23 September 2016 #Employment
BBC World Service Journalist Chandana Bandara was issued with a final written warning following his refusal to prioritise a news report on the birth of Prince George over one on the anniversary of ‘Black July’ (concerning the massacre of Tamils in Sri Lanka). A year later Mr Bandara was dismissed, in reliance on the final written warning, for further acts of misconduct.
The Employment Tribunal concluded that his final written warning had been too severe considering his previous 18 years unblemished service. As this was relied upon to justify his dismissal a year later, the dismissal was unfair. However, the Tribunal reduced Mr Bandara’s award significantly to account for contributory fault. Mr Bandara’s additional claim of discrimination did not succeed with the tribunal finding that his support for Sri Lankan Tamils was too ‘local’ and ‘limited’ to constitute a philosophical belief under the Equality Act.

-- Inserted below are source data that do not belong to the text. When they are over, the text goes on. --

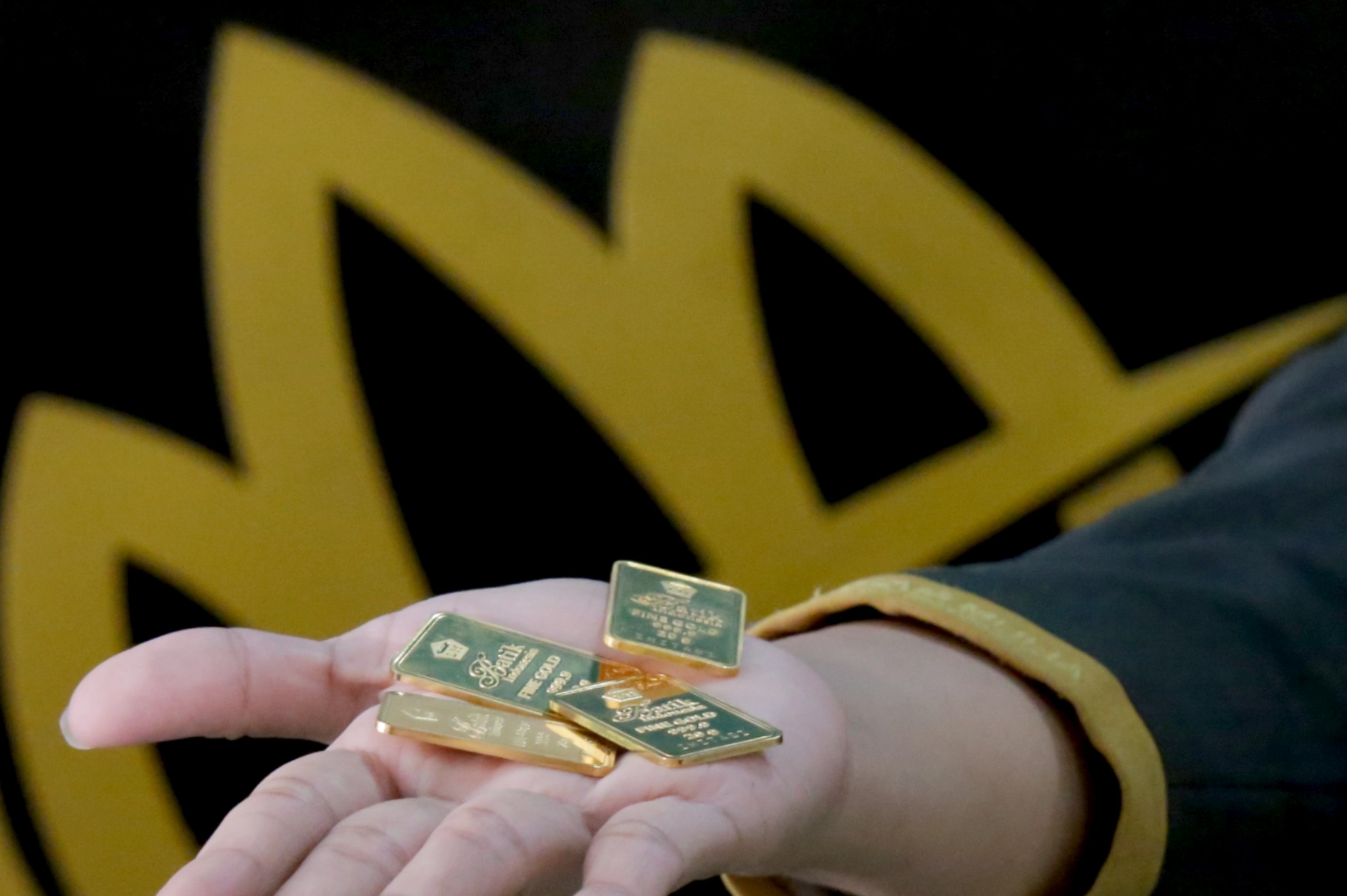 Seorang karyawan PT Aneka Tambang Tbk (Antam) memperlihatkan emas batangan di gerai Antam, Gedung Sarinah, Jakarta Pusat, Selasa (27/11/2018). Logam mulia atau emas batangan milik Antam hari ini dijual Rp 652.000/gram. Nilai ini turun dibandingkan Senin (26/11/2018) di Rp 653.000/gram. AKTUAL/Tino Oktaviano
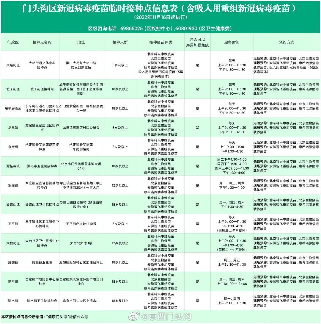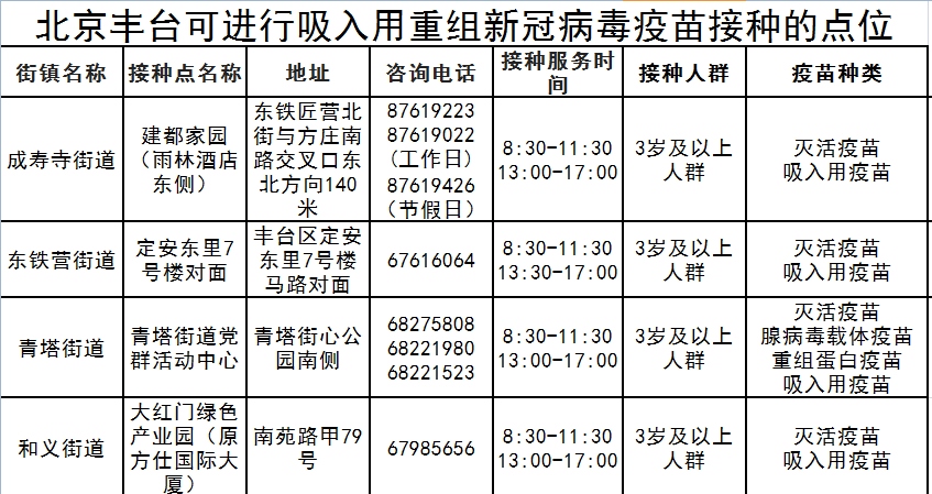 11月14日,丰台区卫健委发布消息称,丰台区目前可进行吸入用重组新冠病毒疫苗接种的点位有成寿寺街道、东铁匠营街道、青塔街道、和义街道。
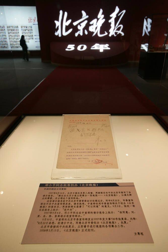 展柜中的100多件实物中,不乏珍贵史料,如1957年邓小平同志同意创办《北京晚报》的批示就是首次公开亮相,1964年毛泽东同志为《北京晚报》题写的报头,2001年《北京晚报》记者带回的“入世槌”的复制品等,则清晰记载了经历半个世纪《北京晚报》一路走来的足迹。
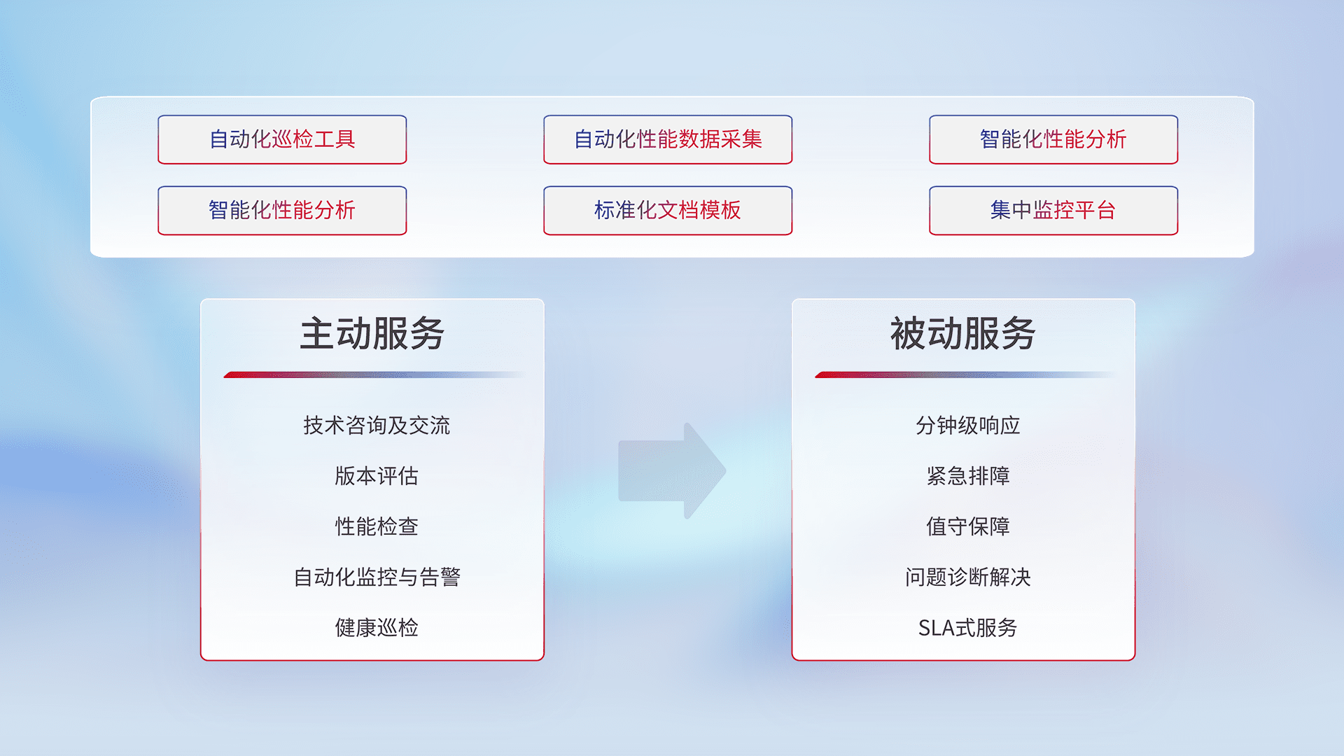 智能化工具和标准化文档,,保障服务质量,,提供主动服务(包含技术咨询、、、、版本评估、、、性能检查、、、自动化监控与告警、、、、健康巡检)和被动服务包含(分钟级响应、、、紧急排障、、、、值守保障、、、、问题诊断解决、、SLA服务)。。。。

This case highlights the importance of proportionate sanctions and the dangers employers can face in relying on existing warnings. Employers are, of course, entitled to consider previous live warnings relating to similar conduct when disciplining an employee and it would be impractical for an employer to seek to re-investigate past disciplinary offences to check that they warranted the sanction imposed. However, employers should, at least, put their mind to whether there are any potential challenges to that sanction if they are seeking to rely on it to dismiss.